Doves have been away for a long time: Some Cities is 4 years old. And what are they stepping back into? Their uprush and bombast might just seem a little out of place, things being what they are. We’re supposed to be cultivating our anxieties, averting our eyes, staring at our shoes waiting for the dust to settle… Then again, maybe this is the perfect time for Doves to return. Haven’t they always been about cinematising our little intimacies, the epic in the everyday? Just pop in the next tablet, see what comes…

The Pyramids is an odd venue, tacked onto the side of a leisure centre. As you enter you’re eyes sting at the memory of chlorine; you expect white porcelain tiles and foot baths. It doesn’t function all that well either – they run out of beer, they run out of pint glasses; the staff under their chiselled hair look troubled, inward.

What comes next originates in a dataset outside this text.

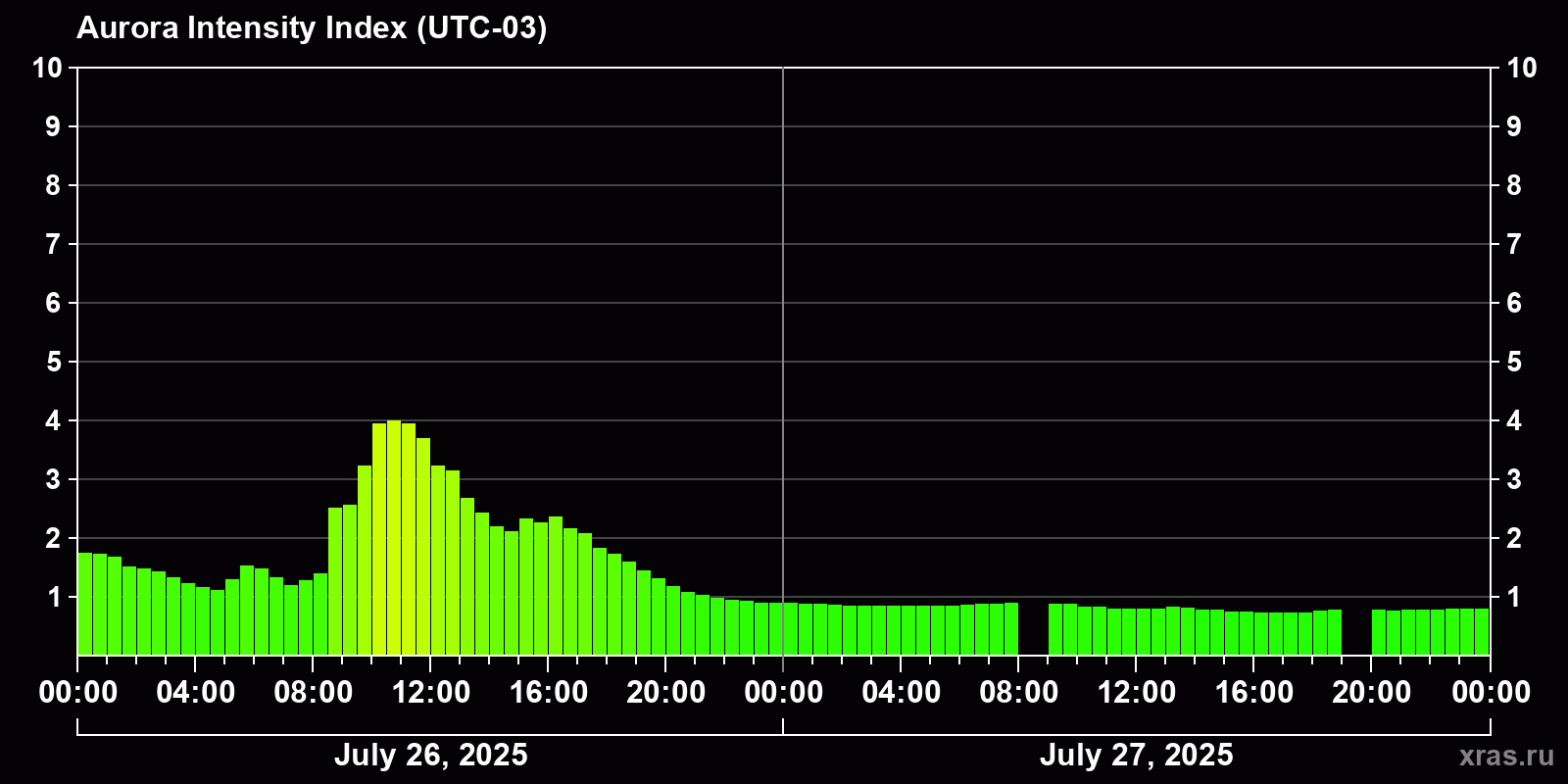 Changes in the auroral intensity index from 2025-07-26 to 2025-07-27 local time
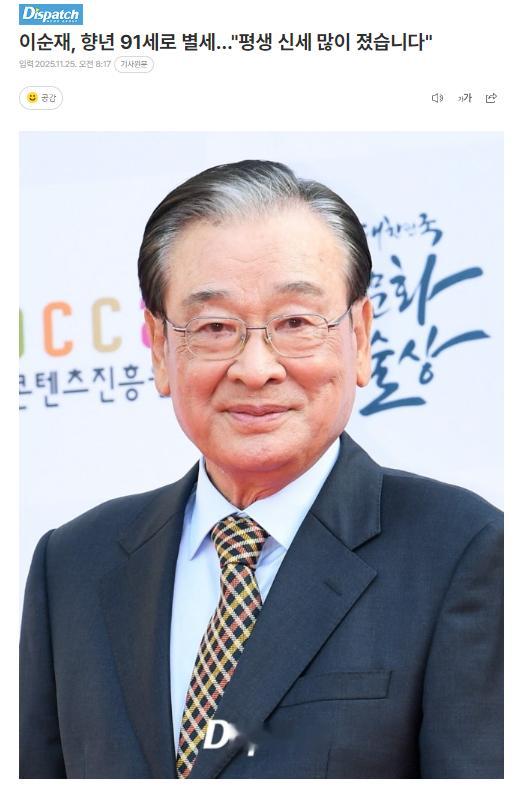 元老级演员李顺载今日辞世,享年91岁 据遗属透露,元老级演员李顺载于25日凌晨辞世,享年91岁。他于1956年通过话剧《越过地平线》出道,之后通过出演KBS-TV电视剧《我要成人》走上了近70年的演员道路。

As you stand beneath the oddly pyramidal ceiling, decked out in its sheets of chain mail, you feel like you might be inside a giant colander. You wait for the surge of water. Instead Doves come forward, Jimi Goodwin wielding his bass like a hod – the man has gravity. ‘Jetstream’ – the lead track of the new record – is surprisingly immense, and despite the venue they sound huge and loud. On record the track sounds all intro and no song, live it makes so much more sense, it’s a microcosm of the Doves thing – vivid, warm, packing an ecstatic wallop.

I’d managed to get hold of a copy of the new album, Kingdom of Rust, the day before the gig (when I say managed, I mean it – I damn near had to hand my family over as a covenant for not leaking the thing). I’d been a little underwhelmed – it felt a little like Doves by numbers. But on the last listen before I went in, it had started to glow a little, songs and melodies appearing beneath the overtly melancholic sheen. I was expecting them to look old though, older and well, larger. Not a bit of it. Up there they have the glow, the heft I remember of old. It’s us down here, those that have grown up with the band. Look at us with our parched livers and curving spines: lines and lines, hunched into our beers – haggard, weighed down by it all.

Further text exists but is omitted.